Use scale_figsize(...) together with figure_scale(...) when you actually want to create a larger scaled figure object.

set_plotting_defaults("nature")

x = np.linspace(0, 6 * np.pi, 500)
y = np.sin(x) + 0.15 * np.cos(4 * x)

fig, ax = plt.subplots(
    figsize=set_size("paper", fraction=0.5, subplots=(1, 1)),
    dpi=200,
)
ax.plot(x, y, label="Scaled display view")
ax.set_xlabel("Time (s)")
ax.set_ylabel("Amplitude")
ax.set_title("Notebook-scaled figure", loc="left", fontweight="bold")
ax.legend(frameon=False)
fig.tight_layout()
show_scaled(fig, scale=1.25)


Quick Recipe Card

Use this as a copy/paste checklist when preparing final figures:

from neuro_py.plotting.figure_helpers import show_scaled

# 1) Pick your destination workflow
set_plotting_defaults("nature")   # or "word", "latex"

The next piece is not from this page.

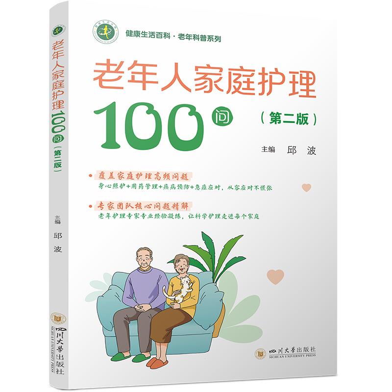 本读本《老年人家庭护理100问》,从老年人饮食、运动、合理休息与睡眠、心理调解,老年人日常生活的家庭护理,老年病人的家庭护理、老年人神经系统疾病家庭护理、老年人心理疾病的家庭护理、老年人呼吸系统疾病的家庭护理、老年人消化系统疾病的家庭护理、老年人代谢与内分泌疾病的家庭护理、老年人泌尿系统家庭疾病的家庭护理、老年人血液疾病的家庭护理等方面,用通俗易懂的语言,科学地回答100个问题。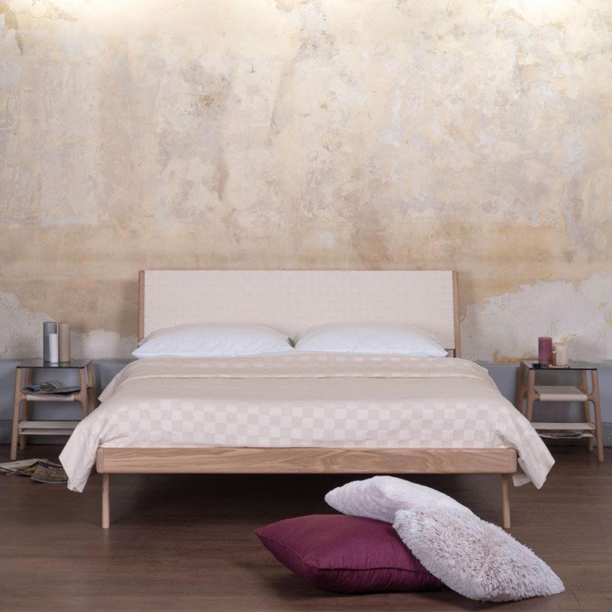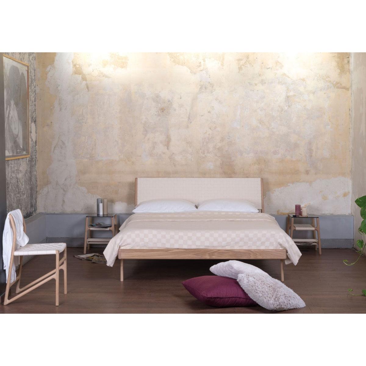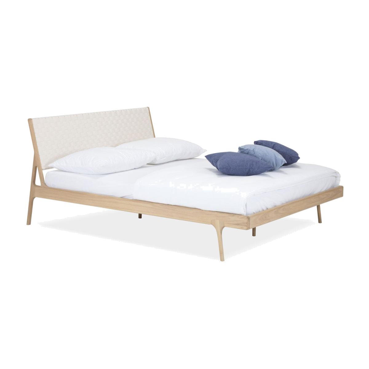 At the core of the Fawn range is the combination of beautiful natural materials and modern craftsmanship, as demonstrated by the slender oak frame inspired by the delicate profile of a baby deer. Winner of a Red Dot Design award 2015, these gentle lines have a light and airy feel with the sumptuous curved detailing along each corner set against a chequerboard woven headboard. Sculpted from oak and finished in natural oil, the supple curves of the bed are exquisitely executed providing a dainty looking frame that is extremely robust and hardwearing. Not an angle in sight, the smooth lines and elegant cutaway panels of the splayed back legs demonstrate seamless joinery. Providing a comfortable nights rest, two rows of sprung slats are closely spaced to ensure plentiful support for a range of mattresses. Contrasting the light, slender feel of the oak is a geometric patterned headboard woven around the tall poles of the frames back from durable yet flexible fabric strips.

# 2) Match figure width to target layout
fig, ax = plt.subplots(figsize=set_size("nature_single"))

# 3) Multi-panel layout (height auto-adjusts)
fig, axes = plt.subplots(2, 3, figsize=set_size("nature_double", subplots=(2, 3)))

# 4) For maps/matrices, force square axes
fig, ax = plt.subplots(figsize=set_size("nature_single", ratio=1.0))

# 5) Half-width panel for insets
fig, ax = plt.subplots(figsize=set_size("nature_double", fraction=0.5))

# 6) Optional: scale for notebook display while preserving proportions
scale = 1.5
show_scaled(fig, scale=scale)

# 7) Save vector output for publication
fig.savefig("figure.svg", bbox_inches="tight")

Tip: if labels look too small/large in your manuscript, verify that the figure is inserted at its intended physical width (not scaled in the editor).